Dataset:

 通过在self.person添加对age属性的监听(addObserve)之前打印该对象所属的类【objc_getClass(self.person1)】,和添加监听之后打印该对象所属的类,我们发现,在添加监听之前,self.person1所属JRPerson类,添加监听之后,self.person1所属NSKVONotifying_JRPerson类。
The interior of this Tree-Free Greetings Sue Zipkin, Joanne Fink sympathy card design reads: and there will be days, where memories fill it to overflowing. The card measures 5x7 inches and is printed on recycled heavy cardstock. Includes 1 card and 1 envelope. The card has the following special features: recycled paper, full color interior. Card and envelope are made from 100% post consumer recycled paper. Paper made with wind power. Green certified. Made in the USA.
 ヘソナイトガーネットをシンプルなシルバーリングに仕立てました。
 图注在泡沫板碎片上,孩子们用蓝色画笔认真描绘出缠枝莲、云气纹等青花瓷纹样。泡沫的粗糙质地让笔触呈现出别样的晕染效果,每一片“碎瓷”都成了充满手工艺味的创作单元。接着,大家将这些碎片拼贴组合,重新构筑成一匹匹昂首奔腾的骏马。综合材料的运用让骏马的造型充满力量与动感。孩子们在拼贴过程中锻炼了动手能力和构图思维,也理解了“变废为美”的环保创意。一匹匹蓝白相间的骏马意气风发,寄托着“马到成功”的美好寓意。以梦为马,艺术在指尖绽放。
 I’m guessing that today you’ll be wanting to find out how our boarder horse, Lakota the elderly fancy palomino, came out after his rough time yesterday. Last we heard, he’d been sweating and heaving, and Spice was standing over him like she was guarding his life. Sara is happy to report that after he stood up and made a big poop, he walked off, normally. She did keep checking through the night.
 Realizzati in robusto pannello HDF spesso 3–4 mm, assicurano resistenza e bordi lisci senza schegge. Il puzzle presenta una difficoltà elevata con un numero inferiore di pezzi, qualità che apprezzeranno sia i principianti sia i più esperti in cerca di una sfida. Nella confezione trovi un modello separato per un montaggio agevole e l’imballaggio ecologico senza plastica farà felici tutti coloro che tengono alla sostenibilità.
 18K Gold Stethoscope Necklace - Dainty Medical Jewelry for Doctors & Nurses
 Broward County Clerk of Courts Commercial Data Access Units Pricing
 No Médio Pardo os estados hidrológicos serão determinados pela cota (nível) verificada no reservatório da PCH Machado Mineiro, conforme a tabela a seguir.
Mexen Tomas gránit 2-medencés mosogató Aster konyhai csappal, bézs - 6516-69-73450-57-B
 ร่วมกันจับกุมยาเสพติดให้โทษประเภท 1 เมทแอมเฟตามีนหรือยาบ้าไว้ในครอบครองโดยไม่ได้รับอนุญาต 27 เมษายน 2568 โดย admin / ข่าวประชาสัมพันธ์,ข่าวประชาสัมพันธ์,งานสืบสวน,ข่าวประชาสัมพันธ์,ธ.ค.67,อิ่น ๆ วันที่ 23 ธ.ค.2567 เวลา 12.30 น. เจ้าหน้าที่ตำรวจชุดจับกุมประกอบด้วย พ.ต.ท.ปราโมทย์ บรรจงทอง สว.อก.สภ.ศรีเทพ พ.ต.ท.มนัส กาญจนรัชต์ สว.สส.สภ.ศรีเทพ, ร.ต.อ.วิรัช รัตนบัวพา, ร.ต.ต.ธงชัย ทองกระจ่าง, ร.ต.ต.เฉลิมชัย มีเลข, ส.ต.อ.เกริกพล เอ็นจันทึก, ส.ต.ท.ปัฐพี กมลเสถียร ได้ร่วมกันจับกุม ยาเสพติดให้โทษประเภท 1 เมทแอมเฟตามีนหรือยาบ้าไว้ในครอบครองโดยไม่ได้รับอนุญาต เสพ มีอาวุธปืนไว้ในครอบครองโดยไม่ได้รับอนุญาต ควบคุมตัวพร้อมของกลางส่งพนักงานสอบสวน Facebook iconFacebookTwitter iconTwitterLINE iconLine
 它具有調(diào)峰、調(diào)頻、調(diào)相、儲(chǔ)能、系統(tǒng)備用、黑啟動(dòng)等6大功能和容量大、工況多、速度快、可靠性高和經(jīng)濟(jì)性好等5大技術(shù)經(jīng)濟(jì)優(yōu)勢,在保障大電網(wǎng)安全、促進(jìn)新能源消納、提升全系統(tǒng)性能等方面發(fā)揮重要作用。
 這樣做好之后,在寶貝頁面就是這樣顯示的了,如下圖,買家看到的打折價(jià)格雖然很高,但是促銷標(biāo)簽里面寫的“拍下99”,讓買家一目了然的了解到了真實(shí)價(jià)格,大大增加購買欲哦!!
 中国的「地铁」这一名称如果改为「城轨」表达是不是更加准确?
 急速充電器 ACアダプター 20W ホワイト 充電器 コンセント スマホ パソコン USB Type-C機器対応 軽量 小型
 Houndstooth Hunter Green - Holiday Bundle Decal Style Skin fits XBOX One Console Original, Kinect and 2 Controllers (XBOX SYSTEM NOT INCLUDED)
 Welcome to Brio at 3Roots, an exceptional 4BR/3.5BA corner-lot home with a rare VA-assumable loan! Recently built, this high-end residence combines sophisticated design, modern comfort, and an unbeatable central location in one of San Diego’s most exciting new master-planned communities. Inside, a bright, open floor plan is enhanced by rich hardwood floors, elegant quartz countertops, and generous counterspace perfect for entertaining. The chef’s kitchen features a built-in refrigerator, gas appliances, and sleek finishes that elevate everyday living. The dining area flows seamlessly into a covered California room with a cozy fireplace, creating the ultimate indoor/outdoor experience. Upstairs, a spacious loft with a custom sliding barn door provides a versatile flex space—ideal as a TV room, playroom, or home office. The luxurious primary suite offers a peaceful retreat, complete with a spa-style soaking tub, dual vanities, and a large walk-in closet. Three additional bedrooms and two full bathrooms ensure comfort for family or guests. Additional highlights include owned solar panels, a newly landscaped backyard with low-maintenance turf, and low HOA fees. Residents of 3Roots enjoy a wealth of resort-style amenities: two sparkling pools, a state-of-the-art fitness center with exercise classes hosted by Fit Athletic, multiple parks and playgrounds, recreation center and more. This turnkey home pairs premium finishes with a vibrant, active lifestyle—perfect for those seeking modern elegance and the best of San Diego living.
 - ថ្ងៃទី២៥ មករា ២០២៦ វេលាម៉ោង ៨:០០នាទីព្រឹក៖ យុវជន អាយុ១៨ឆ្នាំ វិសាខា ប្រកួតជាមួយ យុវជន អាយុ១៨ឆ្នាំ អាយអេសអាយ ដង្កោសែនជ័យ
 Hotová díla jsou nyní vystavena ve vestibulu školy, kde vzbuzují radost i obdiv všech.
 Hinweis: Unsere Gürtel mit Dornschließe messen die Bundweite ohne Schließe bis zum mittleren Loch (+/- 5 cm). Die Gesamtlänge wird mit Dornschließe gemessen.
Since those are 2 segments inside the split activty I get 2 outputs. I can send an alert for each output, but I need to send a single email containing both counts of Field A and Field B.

What you need to do:
Look above for the line holding "急速充電器 ACアダプター 20W". Print it and every line after it, exactly, through the line holding "Houndstooth Hunter Green".

Solution:
 急速充電器 ACアダプター 20W ホワイト 充電器 コンセント スマホ パソコン USB Type-C機器対応 軽量 小型
 Houndstooth Hunter Green - Holiday Bundle Decal Style Skin fits XBOX One Console Original, Kinect and 2 Controllers (XBOX SYSTEM NOT INCLUDED)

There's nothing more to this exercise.